Van, who is still in university, says he goes to nightclubs to meet friends, dance and drink beer after his examinations.  “Today I am happy, I don’t want to go to the temple to annoy any monk and people there,” he says, “but in the future if something sad happens to me, I think I will go.”

Not surprisingly, Van says that he did not become a novice, a practice that remains popular among males in other Buddhist-dominated countries in Southeast Asia. Buddhist boys must become temple novices to earn merit for their families and to grow up as good, responsible, and peaceful men.

But Laotians say fewer young men in the urban areas now follow this tradition. Lat Davan, a 57-year-old resident of Chanthabuly, Vientiane, even observes that now it does not seem as “important” as it was in the past. She says she herself had married her husband only after he had served at the temple as a novice.

Somphou Vatanachit, a 24-year-old graduating tourism student, argues that it is simply difficult these days to be a novice monk.  “I do not have enough time to be a novice or visit the temple often because I have to study to get a good job,” he says. “I think Buddhist temples can offer me something good, but I think it is not enough and better than the university.”

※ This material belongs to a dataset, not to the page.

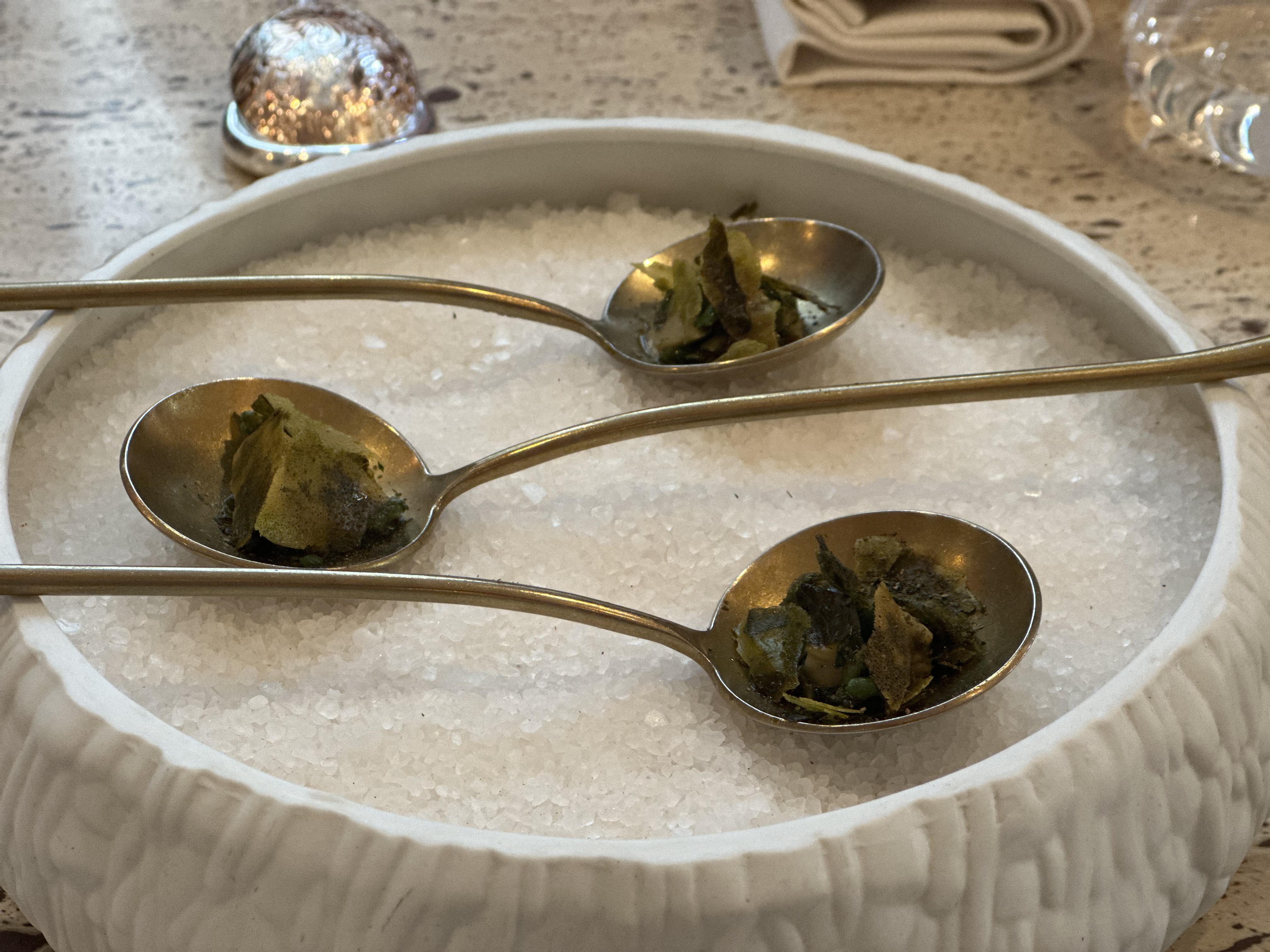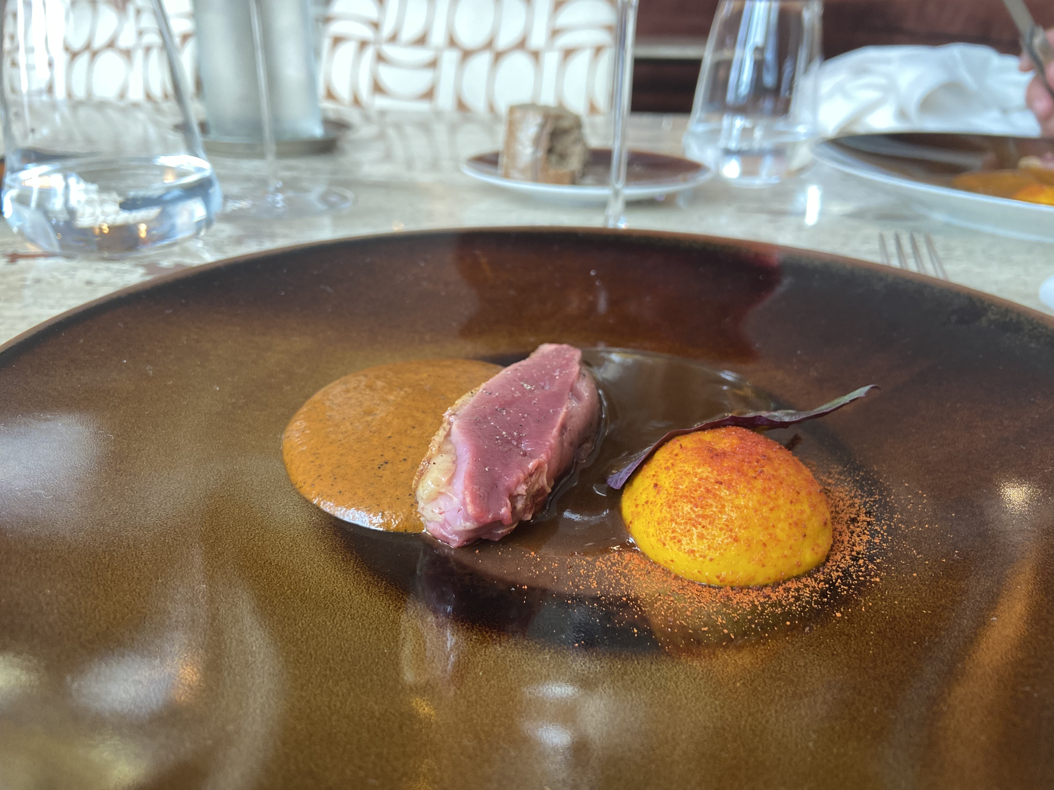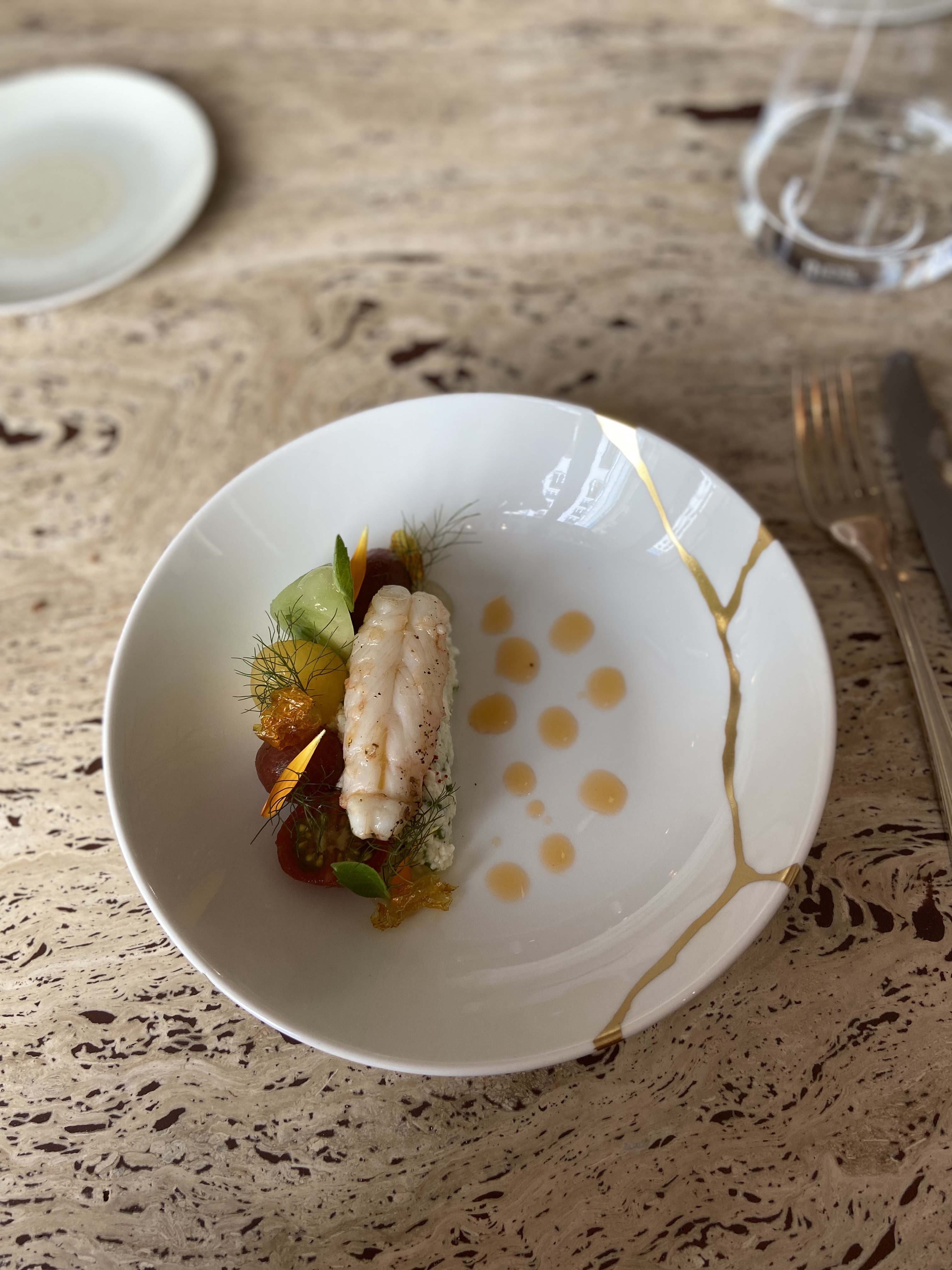 Très belle expérience, un magnifique restaurant décoré avec goût, nous avions pris le menu déjeuner avec des petites portions, des serveurs très agréables et au petit soin (l’eau plate en carafe était cependant payante).

Venerable Vanna says that while temples cannot train young men for modern professions, these can be places to learn about social responsibility and good life values. These basic values cannot be provided by modern education and “without them, society will have big problems,” he adds.

Faith stronger in rural areas

The good monk, however, may find comfort in the knowledge that religious devotion can still be found among the rural young.  In the southwestern border province of Champasak, where Buddhist temples are not as beautiful as those in Vientiane, support for the faith is stronger.  In fact, six new temples are being built along the highway, some 40 km from the provincial capital Pakse.

Few young people in Vientiane offer alms to monks, but the attitude of youth in Champasak is different. Says Sophansa Sophavan, a 21-year-old Pakse resident: “When a person becomes a monk, he cannot go to work. But he has another role in society. That is why I, my family, and my neighbour, offer him support.”

A monk is an “advisor” to society, he also says.

Venerable Siphong Leunglard, chief monk of Wat Pho Xay Phout Vong Chan in Patoun Phone village in Champasak, for his part observes that people in the countryside are more religious than those in the cities.

Venerable Siphong lived in a temple about 48 km from Patoun Phone before accepting the villagers’ invitation to become abbot of their temple. It is common for a village of 20 to 50 households to have a Buddhist temple, which is regarded as a “place of peace for the mind and soul,” he says.

Built in 2003 with the villagers’ support, Wat Pho Xay Phout Vong Chan has a small cement image of Buddha, as well as three monks who live in a very small house.

Buddhism is life’s guiding principle for Saysa Mome, a 24-year-old student in Pakse.  “Usually, in my village, when we are 15 to 18 years old, we have to become novice monks to know the bad and the good before we start working,” he says.

As a novice, he learnt how to stay away from bad things and understood the importance of stability in life: “All this knowledge is a guide for my future,” says Saysa.

Buddhism has an important role in the lives of the people, says Saythong Satirathat who runs a guesthouse in Champasak on the road to Wat Phou, a Hindu Siva shrine that became a Buddhist temple in the 16th century.  Many Western tourists visit Wat Phou every day. But so do locals, including Saythong, who goes to pray at the temple regularly with his children and neighbour.  “Usually, if my family is busy, my neighbour takes alms to the temple and if they are busy, we do it for them,” he says.

Bub By, a 23-year-old Champasak woman outlines the five main doctrines of her faith: “Buddhism prohibits drinking alcohol, killing, gambling, loving another person’s wife, and stealing. If we can follow all, we can live in peace and happiness.”